*DATASET CONTENT*.
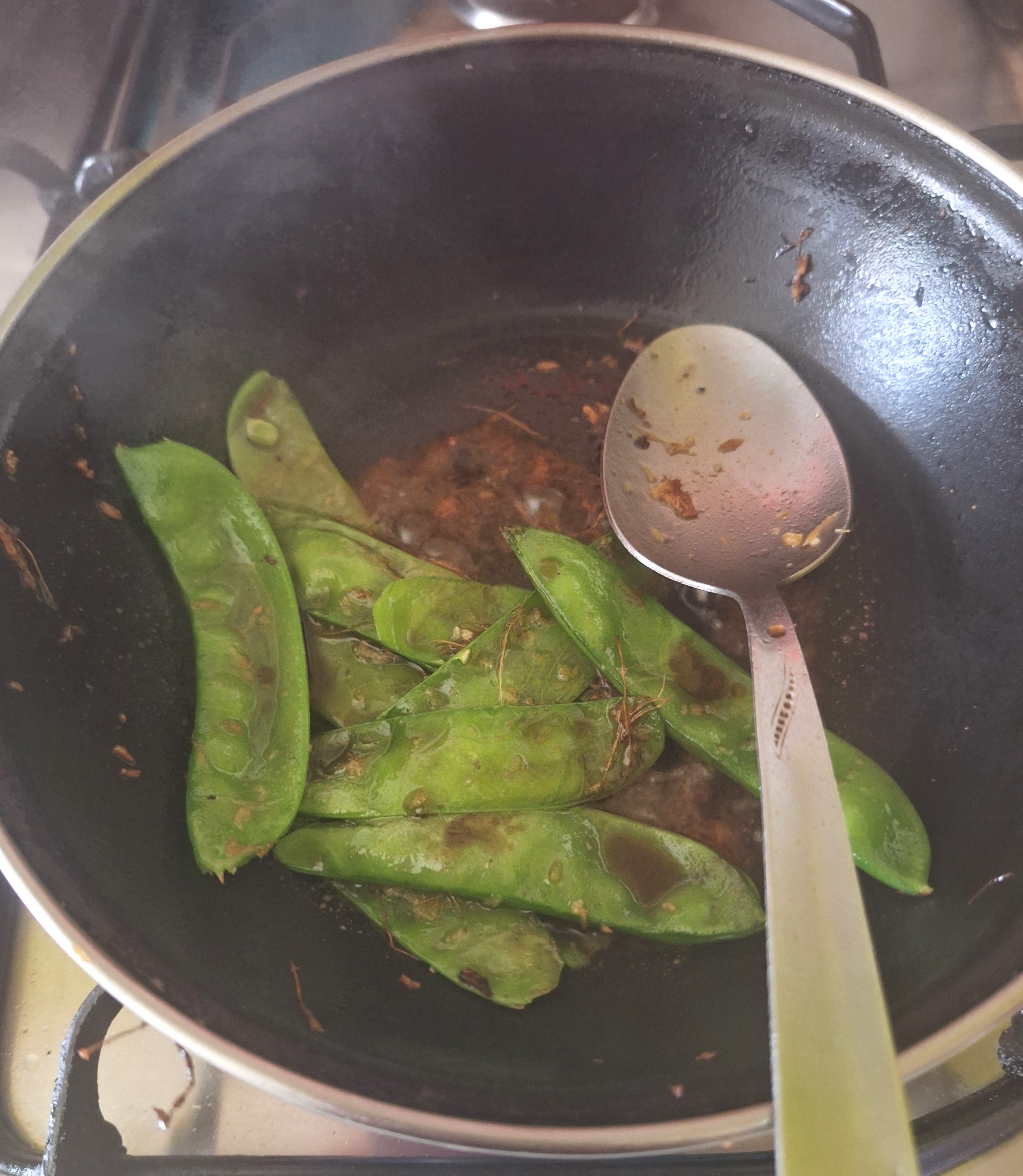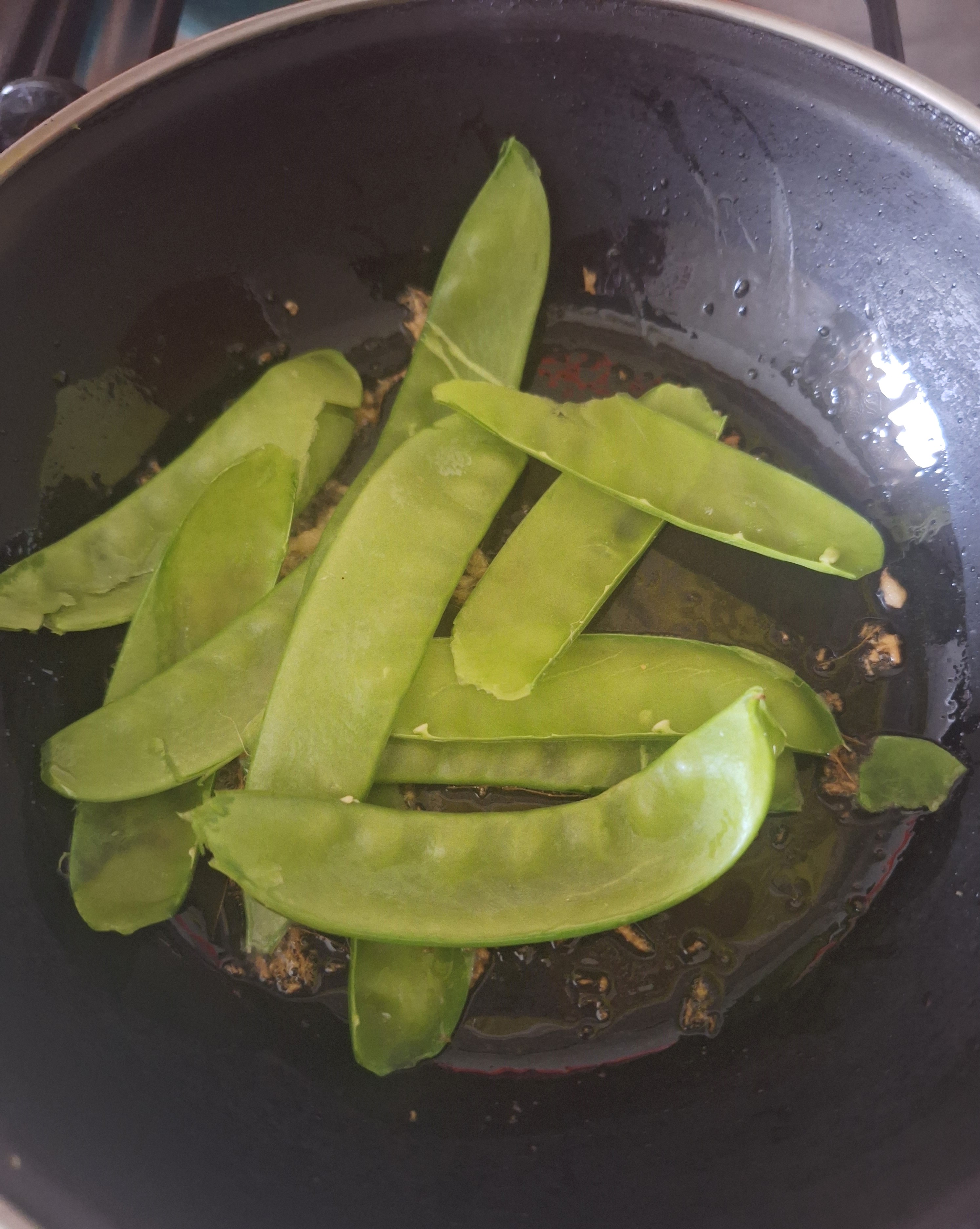 En una sartén con un poco de aceite de sésamo dora el jengibre majado a fuego bajo. Añade los tirabeques y sube el fuego, saltea hasta dorar y añade el vinagre de arroz y aminos de coco. Mezcla unos segundos y retira del fuego.
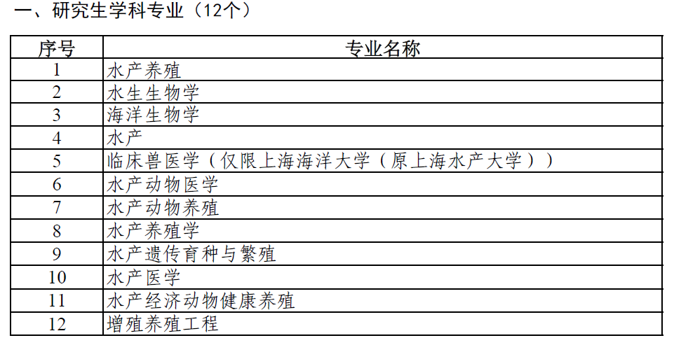 全國(guó)執(zhí)業(yè)獸醫(yī)資格考試報(bào)考專(zhuān)業(yè)目錄(水生動(dòng)物類(lèi))2019年版
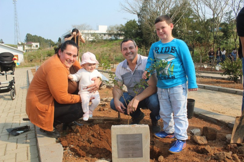 Cada muda recebe uma placa com o nome da criança, dos pais e da espécie da árvore.
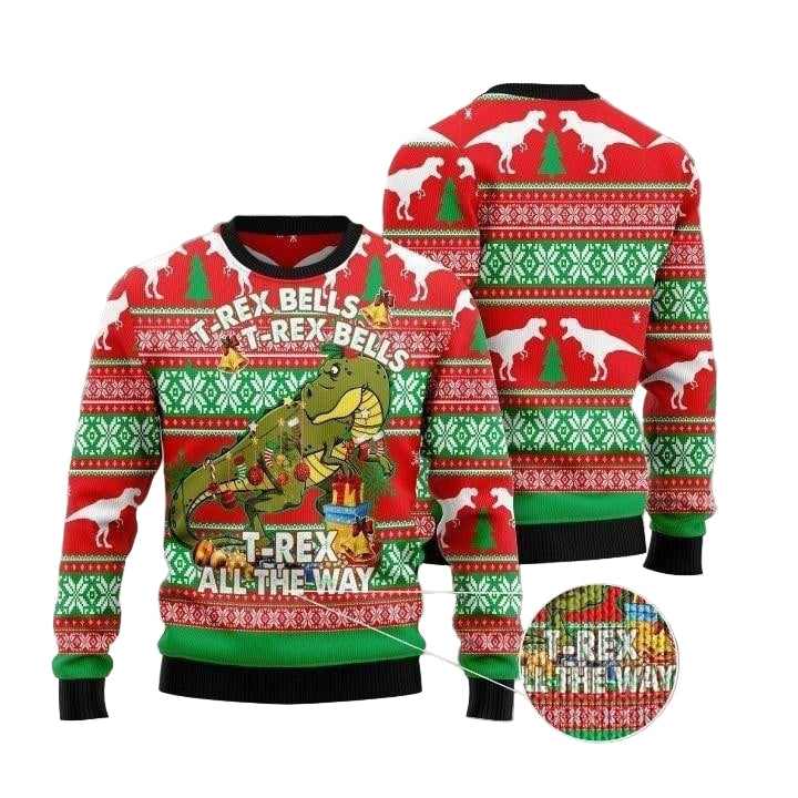 Experience Cozy Holiday Vibes with Our Funny T-rex Ugly Christmas Sweater! Made of high-quality fabric, this festive sweater is soft, stretchy, and breathable, perfect for Christmas parties or casual hangouts. The advanced dye-sublimation printing ensures vibrant, long-lasting colors that withstand washes. Its not just clothing, its a joyful statement piece that encapsulates the holiday spirit. Gift one today to spread laughter and cheer!

*WORK INSTRUCTIONS*.
The copy should match each line above exactly and contain no images.

*SOLUTION FOR THIS TASK*.
 En una sartén con un poco de aceite de sésamo dora el jengibre majado a fuego bajo. Añade los tirabeques y sube el fuego, saltea hasta dorar y añade el vinagre de arroz y aminos de coco. Mezcla unos segundos y retira del fuego.
 全國(guó)執(zhí)業(yè)獸醫(yī)資格考試報(bào)考專(zhuān)業(yè)目錄(水生動(dòng)物類(lèi))2019年版
 Cada muda recebe uma placa com o nome da criança, dos pais e da espécie da árvore.
 Experience Cozy Holiday Vibes with Our Funny T-rex Ugly Christmas Sweater! Made of high-quality fabric, this festive sweater is soft, stretchy, and breathable, perfect for Christmas parties or casual hangouts. The advanced dye-sublimation printing ensures vibrant, long-lasting colors that withstand washes. Its not just clothing, its a joyful statement piece that encapsulates the holiday spirit. Gift one today to spread laughter and cheer!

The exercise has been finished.